Расплатился, "на чай" бородач отверг, искривив нижнюю губу.
– Мы токмо что от православных... От вас не надобно, – и уехал, огрев лошадь хлыстом.
– Вот видите... – взглянула Эстер исподлобья. – Может, и вправду – не стоит?
Взял ее за руку и, решительно надевая на ходу шапочку, шагнул к синагоге. То было высокое трехэтажное здание в мавританском стиле, богато инкрустированное аркадами, фронтонами, выступами. Вокруг толпились евреи в черных лапсердаках и котелках вперемежку со шляпами, многие входили по высокой лестнице в парадные двери, некоторые надевали такие же шапочки, как у Евдокимова.
Зал с возвышением впереди, алтарем, был огромен и великолепен. Горели свечи, великое множество, на лицах застыло благоговейное ожидание, и вот зазвучала молитва. Евгений Анатольевич не понимал ни слова, но язык был певуч и даже красив, искренность не вызывала сомнений...
"Странно, странно-то как... – неслось в голове. – Я, русской, стою здесь и ничего, жив еще... И рога не выросли. И на душе благостно. И спокойно. И вот, даже плакать хочется. А если бы я пришел к ним еще в Петербурге? Я что, перестал бы служить?
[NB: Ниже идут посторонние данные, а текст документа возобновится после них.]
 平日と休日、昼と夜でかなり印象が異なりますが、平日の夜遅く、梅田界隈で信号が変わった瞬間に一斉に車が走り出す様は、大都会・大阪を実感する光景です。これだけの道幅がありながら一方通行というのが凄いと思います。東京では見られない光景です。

Я перестал бы делить общество на "своих" и "чужих"? Не перестал бы... Так в чем же дело?" – оглянулся, пытаясь увидеть Эстер, она стояла среди женщин и улыбалась...
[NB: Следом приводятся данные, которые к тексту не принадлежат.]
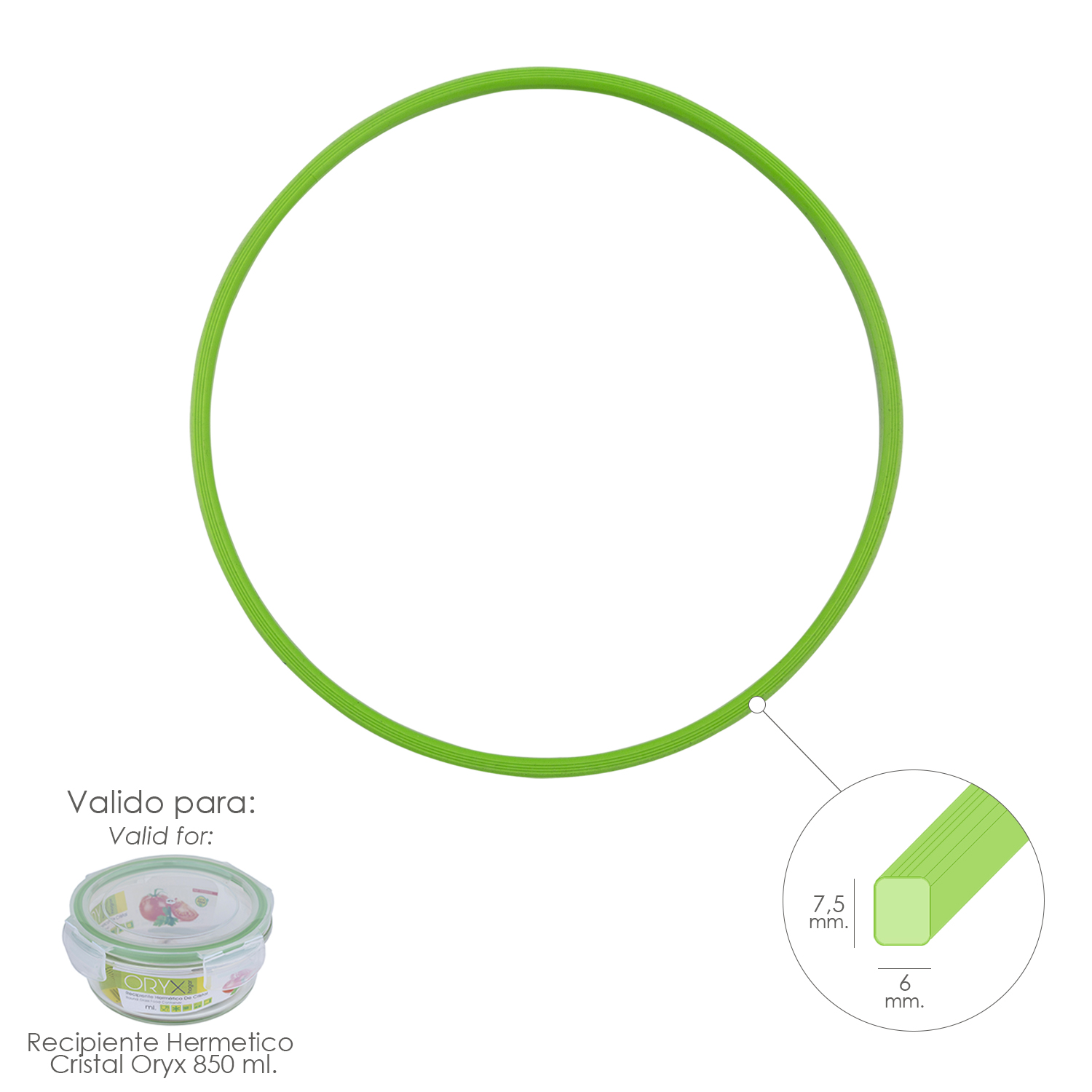 – Valido para Recipiente Hermetico Cristal Redondo 850 ml. Ø 165 x 8 (alt) cm. (Codigo 05024060)

Слова на древнем языке разносились под сводами, и казалось Евгению Анатольевичу, что он угадывает их сокровенный смысл...
В одном ошибся Евдокимов: Бейлиса не стали специально готовить для переселения в "сучью будку" – камеру с агентом. Менделя сразу же поместили в нее. Кулябка не хотел терять времени: члены патриотических союзов требовали фактов. Признание (по убеждению господина полковника) было лучше всех фактов и доказательств. Оно мгновенно отсекало все проеврейские разговоры, особенно в кругах элитарной интеллигенции. Все эти писателишки, щелкоперишки, доктора-словоблуды уже начинали порочить власть, уже явилось в обществе суждение, что все зря, что возведена напраслина, об этом шептались на выставках, из-за этого даже отменяли театральные спектакли, это было, конечно же, недопустимо!
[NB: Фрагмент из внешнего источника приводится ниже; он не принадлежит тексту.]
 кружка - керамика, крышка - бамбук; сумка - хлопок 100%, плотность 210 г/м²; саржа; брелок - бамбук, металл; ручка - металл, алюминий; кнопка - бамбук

Лукьяновский тюремный замок, государственная тюрьма матери городов русских, города Киева, ничем не отличался от тюрем срединной и окраинной России: грязь, вонь, клопы и молчаливая хамоватая охрана. Правда, кормили неплохо, с голоду здесь никто еще не умер. Бейлиса привели в камеру нижнего этажа (по странному стечению обстоятельств она находилась как раз под той, где некогда сидел Мищук) в тот момент, когда раздатчик выдавал коренному арестанту миску с кашей, хлеб и довольно хорошего цвета чай. Коренной брезгливо рассматривал содержимое миски и смешно морщил курносый нос с веснушками, отчего они прыгали словно блохи – то вверх, то вниз. Серые навыкате глаза внимательно оглядывали новенького, Бейлис тоже не отрывал взгляда: хозяин камеры зарос такой буйной рыжей щетиной и толщина волос была столь невероятна, что волосы эти скорее были похожи на медную проволоку, нежели на человеческую поросль, и Мендель, до сей поры убежденный, что жестче его собственных волос нет ничего на свете, почтительно покачал головой и зацокал языком:
– То, что вы имеете, – не имеет боле никто, я вижу. Как вам удалось?
Рыжий засмеялся:
– Накося, приложи пальчики?
Бейлис осторожно взялся за волосы.
– Рви! – последовала команда, но легче было выдернуть каштан на Бибиковском, нежели эти упругие прутья.
– Не имею возможности. Вы один такой на целом свете. Вы не пробовали держать цирк?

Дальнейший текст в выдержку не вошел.